___ ENTRIES SUPPLIED ___
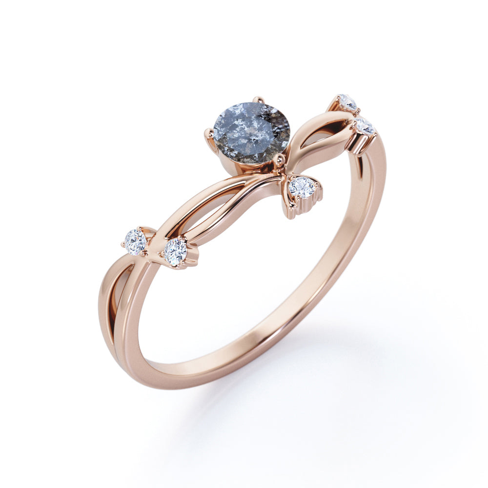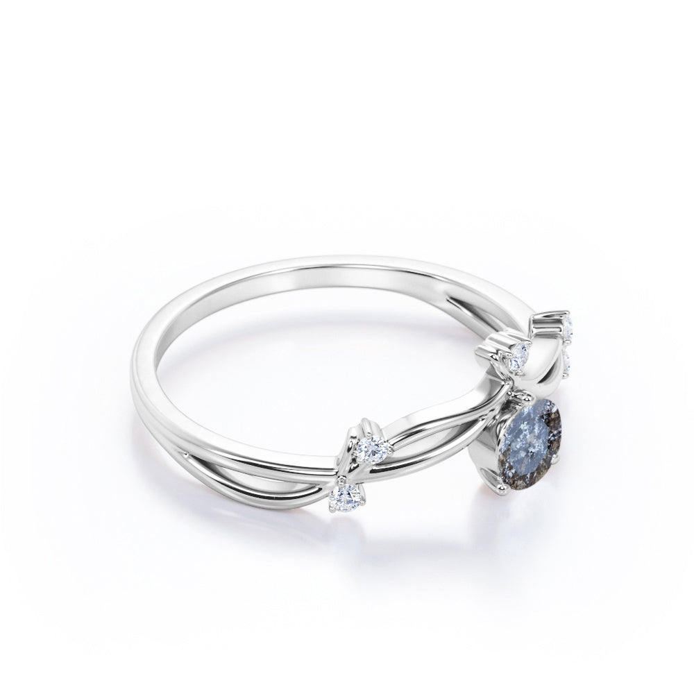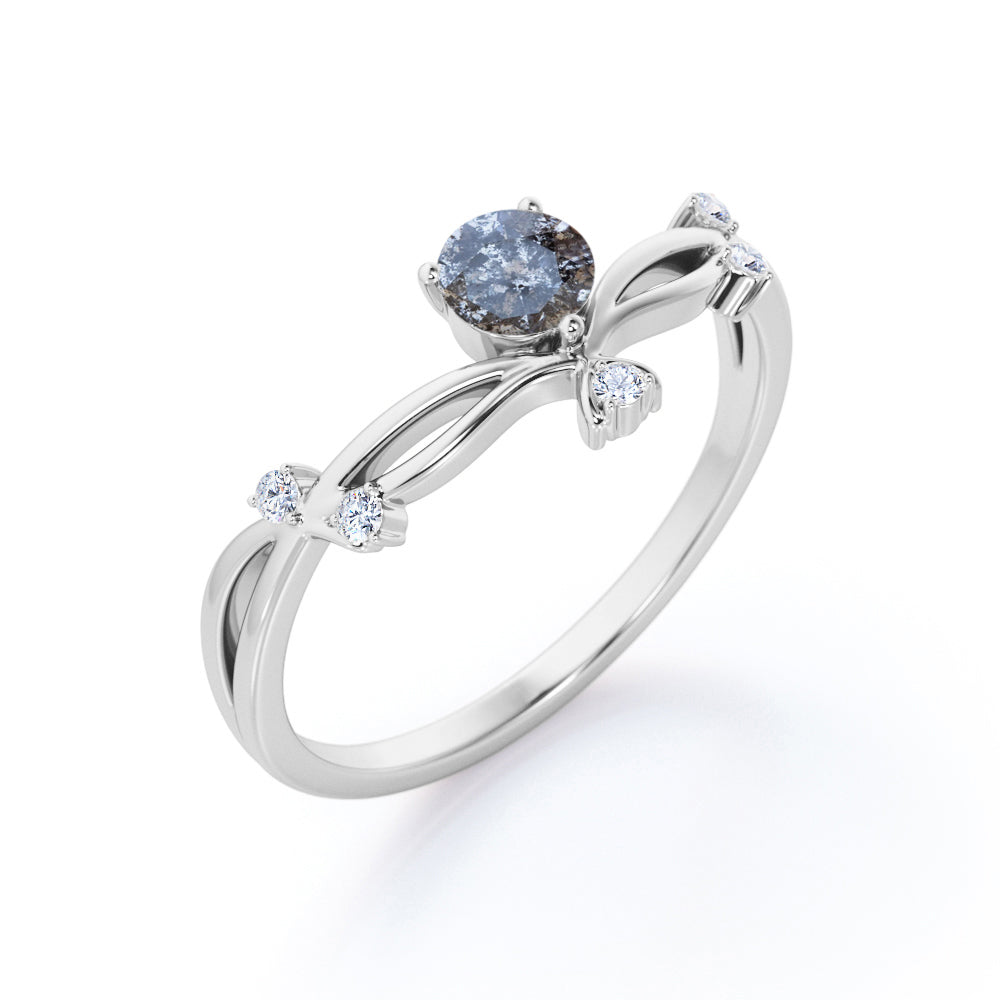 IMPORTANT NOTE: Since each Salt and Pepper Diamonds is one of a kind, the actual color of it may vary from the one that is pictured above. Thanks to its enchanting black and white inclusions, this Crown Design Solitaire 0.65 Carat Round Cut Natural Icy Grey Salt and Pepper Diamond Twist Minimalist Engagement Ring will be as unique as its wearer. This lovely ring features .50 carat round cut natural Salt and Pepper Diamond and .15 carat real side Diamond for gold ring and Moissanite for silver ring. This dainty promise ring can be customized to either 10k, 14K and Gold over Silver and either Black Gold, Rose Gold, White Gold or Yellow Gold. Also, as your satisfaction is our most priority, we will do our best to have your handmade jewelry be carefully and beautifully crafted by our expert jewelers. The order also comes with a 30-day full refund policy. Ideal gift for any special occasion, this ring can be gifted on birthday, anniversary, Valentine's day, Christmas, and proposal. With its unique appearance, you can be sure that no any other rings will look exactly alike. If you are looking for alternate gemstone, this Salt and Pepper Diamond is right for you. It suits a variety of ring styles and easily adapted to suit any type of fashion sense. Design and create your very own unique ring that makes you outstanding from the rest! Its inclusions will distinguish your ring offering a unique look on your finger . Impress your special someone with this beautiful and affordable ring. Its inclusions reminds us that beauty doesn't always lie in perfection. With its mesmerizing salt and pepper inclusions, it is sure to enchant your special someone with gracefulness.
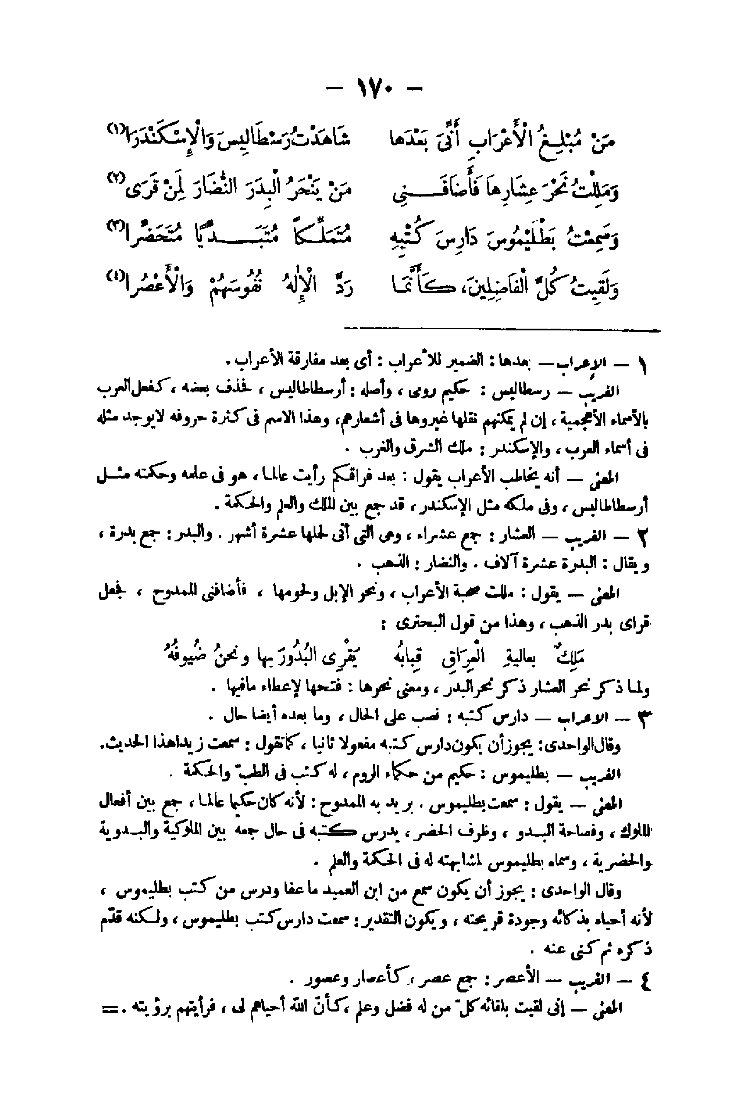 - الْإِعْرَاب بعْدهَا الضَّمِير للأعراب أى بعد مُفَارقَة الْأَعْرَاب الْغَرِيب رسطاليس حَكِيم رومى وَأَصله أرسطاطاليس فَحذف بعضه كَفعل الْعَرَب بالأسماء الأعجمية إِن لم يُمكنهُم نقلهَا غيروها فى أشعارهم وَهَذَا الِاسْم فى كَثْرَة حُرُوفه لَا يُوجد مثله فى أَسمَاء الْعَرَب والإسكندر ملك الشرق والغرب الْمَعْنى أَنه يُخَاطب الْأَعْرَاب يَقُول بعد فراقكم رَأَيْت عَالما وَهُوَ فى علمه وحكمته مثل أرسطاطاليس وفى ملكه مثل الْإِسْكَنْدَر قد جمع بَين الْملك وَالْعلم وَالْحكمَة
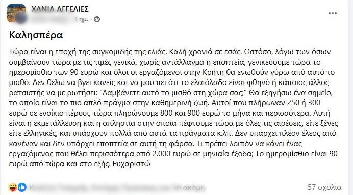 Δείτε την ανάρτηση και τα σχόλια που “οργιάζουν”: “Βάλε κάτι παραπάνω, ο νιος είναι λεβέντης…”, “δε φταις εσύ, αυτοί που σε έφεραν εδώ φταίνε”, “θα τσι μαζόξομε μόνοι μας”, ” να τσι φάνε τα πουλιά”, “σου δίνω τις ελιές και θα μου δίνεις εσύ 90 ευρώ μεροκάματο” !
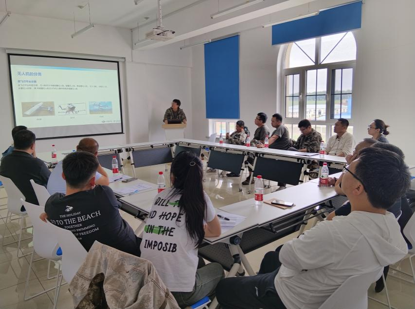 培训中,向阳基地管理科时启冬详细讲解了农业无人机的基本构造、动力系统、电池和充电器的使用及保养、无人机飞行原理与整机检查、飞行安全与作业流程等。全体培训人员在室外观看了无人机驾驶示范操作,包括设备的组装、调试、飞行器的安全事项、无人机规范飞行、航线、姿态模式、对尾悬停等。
___
___ ENTRIES SUPPLIED ___
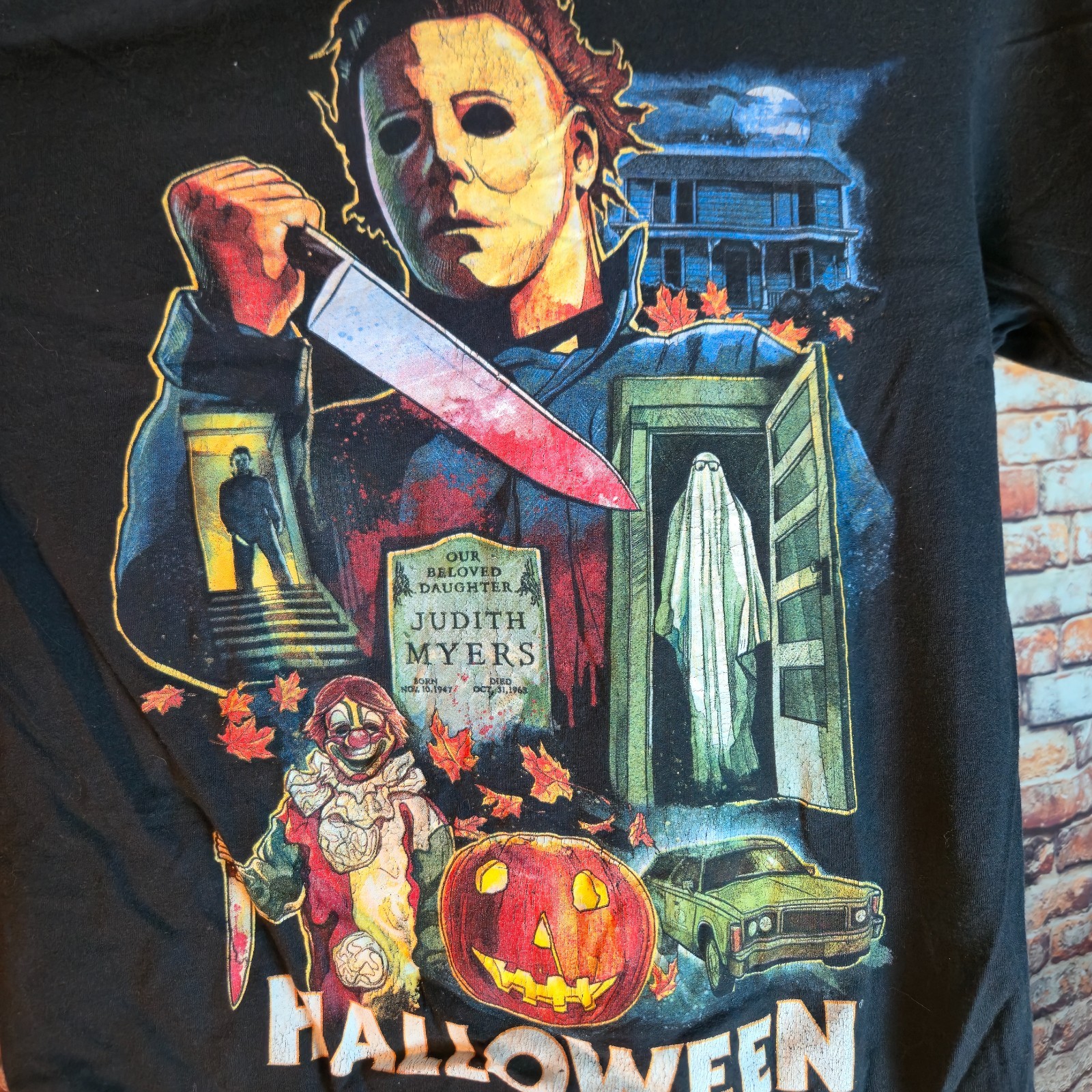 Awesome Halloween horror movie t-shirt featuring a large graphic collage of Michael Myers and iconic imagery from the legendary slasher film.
___
● TO DO:
Within the data above, repeat exactly the lines from the one bearing "Δείτε την ανάρτηση" through the one bearing "培训中,向阳基地管理科时启冬". Include no pictures and nothing else.

● SOLVED EXERCISE:
 Δείτε την ανάρτηση και τα σχόλια που “οργιάζουν”: “Βάλε κάτι παραπάνω, ο νιος είναι λεβέντης…”, “δε φταις εσύ, αυτοί που σε έφεραν εδώ φταίνε”, “θα τσι μαζόξομε μόνοι μας”, ” να τσι φάνε τα πουλιά”, “σου δίνω τις ελιές και θα μου δίνεις εσύ 90 ευρώ μεροκάματο” !
 培训中,向阳基地管理科时启冬详细讲解了农业无人机的基本构造、动力系统、电池和充电器的使用及保养、无人机飞行原理与整机检查、飞行安全与作业流程等。全体培训人员在室外观看了无人机驾驶示范操作,包括设备的组装、调试、飞行器的安全事项、无人机规范飞行、航线、姿态模式、对尾悬停等。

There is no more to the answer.